1997 witnessed the first emergence of farm suicides in India. A rapid increase in indebtedness, was at
the root of farmers taking their lives. Debt is a reflection of a negative economy, a losing economy.
Two factors have transformed the positive economy of agriculture into a negative economy for
peasants - the rising costs of production and the falling prices of farm commodities. Both these factors
are rooted in the policies of trade liberalization and
corporate globalisation.
In 1998, the World Bank's structural adjustment policies forced India to open up its seed sector to
global corporations like Cargill, Monsanto, and Syngenta. The global corporations changed the
input economy overnight. Farm saved seeds were replaced by corporate seeds which needed
fertilizers and pesticides and could not be saved.
As seed saving is prevented by patents as well as by the engineering of seeds with non-renewable
traits, seed has to be bought for every planting season by poor peasants. A free resource available
on farms became a commodity which farmers were forced to buy every year. This increases poverty
and leads to indebtedness.
As debts increase and become unpayable, farmers are compelled to sell kidneys or even commit
suicide. More than 25,000 peasants in India have taken their lives since 1997 when the practice
of seed saving was transformed under globalisation pressures and multinational seed corporations
started to take control of the seed supply. Seed saving gives farmers life. Seed monopolies rob
farmers of life.
The shift from farm saved seed to corporate monopolies of the seed supply is also a shift from
biodiversity to monocultures in agriculture. The District of Warangal in Andhra Pradesh used to
grow diverse legumes, millets, and oilseeds. Seed monopolies created crop monocultures of cotton,
leading to disappearance of millions of products of nature's
evolution and farmer's breeding.
Monocultures and uniformity increase the risks of crop failure as diverse seeds adapted to diverse
ecosystems are replaced by rushed introduction of unadapted and often untested seeds into the
market. When Monsanto first introduced Bt Cotton in India in 2002, the farmers lost Rs. 1 billion
due to crop failure. Instead of 1,500 Kg / acre as promised by the company, the harvest was as
low as 200 kg. Instead of increased incomes of Rs. 10,000 / acre, farmers ran into losses of
Rs. 6400 / acre.
In the state of Bihar, when farm saved corn seed was displaced by Monsanto's hybrid corn, the
entire crop failed creating Rs. 4 billion losses and increased poverty for already desperately poor
farmers. Poor peasants of the South cannot survive seed
monopolies.
And the crisis of suicides shows how the survival of small farmers is incompatible with the seed
monopolies of global corporations.
The second pressure Indian farmers are facing is the dramatic fall in prices of farm produce as a
result of free trade policies of the W.T.O. The WTO rules for trade in agriculture are essentially
rules for dumping.

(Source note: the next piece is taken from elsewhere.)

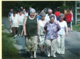
Együtt jökeadvien, mint 50 évvel ezelött

A találkozó következő programját így fogalmaztuk meg: 50 év 5 percben. Mire elegendő 5perc? Semmire vagy minden lényegesre. Szerecsnére az utóbbi tírten. Beszámolólag hangzottak el az általános iskola utáni továbbtanulásról, a családalapításról, a gyerekek, ma már unokák születéséről, munkahelyi sikerekről, munkanélkülségről, válságokról, családi tragédiákról. Többünk életében voltak nehéz időszoak, de mindig mindenkinek sikerült talpra állni, újrakezdeni. Öröm volt hallgatni, hogy a bajokat elfelejtve a jövőt tervező beszélgetések hangzottak el.

They have allowed an increase in agribusiness subsidies while preventing countries
from protecting their farmers from the dumping of
artificially cheap produce.
High subsidies of $ 400 billion combined with forced removal of import restrictions is a ready-made
recipe for farmer suicides. Global prices have dropped from $ 216 / ton in 1995 to $ 133 / ton in
2001 for wheat, $ 98.2 / ton in 1995 to $ 49.1 / ton in 2001 for cotton, $ 273 / ton in 1995 to
$ 178 / ton for soyabean. This reduction to half the price is not due to a doubling in productivity
but due to an increase in subsidies and an increase in market monopolies controlled by a handful of
agribusiness corporations.
Thus the U.S government pays $ 193 per ton to US Soya farmers, which artificially lowers the price
of soya. Due to removal of Quantitative Restrictions and lowering of tariffs, cheap soya has destroyed
the livelihoods of coconut growers, mustard farmers,
producers of sesame, groundnut and soya.
Similarly, 25000 cotton producers in the U.S are given a subsidy of $ 4 billion annually. This has
brought cotton prices down artificially, allowing the U.S to capture world markets which were
earlier accessible to poor African countries such as Burkina, Faso, Benin, Mali. The subsidy of
$ 230 per acre in the U.S is genocidal for the African farmers. African cotton farmers are loosing
$ 250 million every year. That is why small African countries walked out of the Cancun negotiations,
leading to the collapse of the W.T.O ministerial.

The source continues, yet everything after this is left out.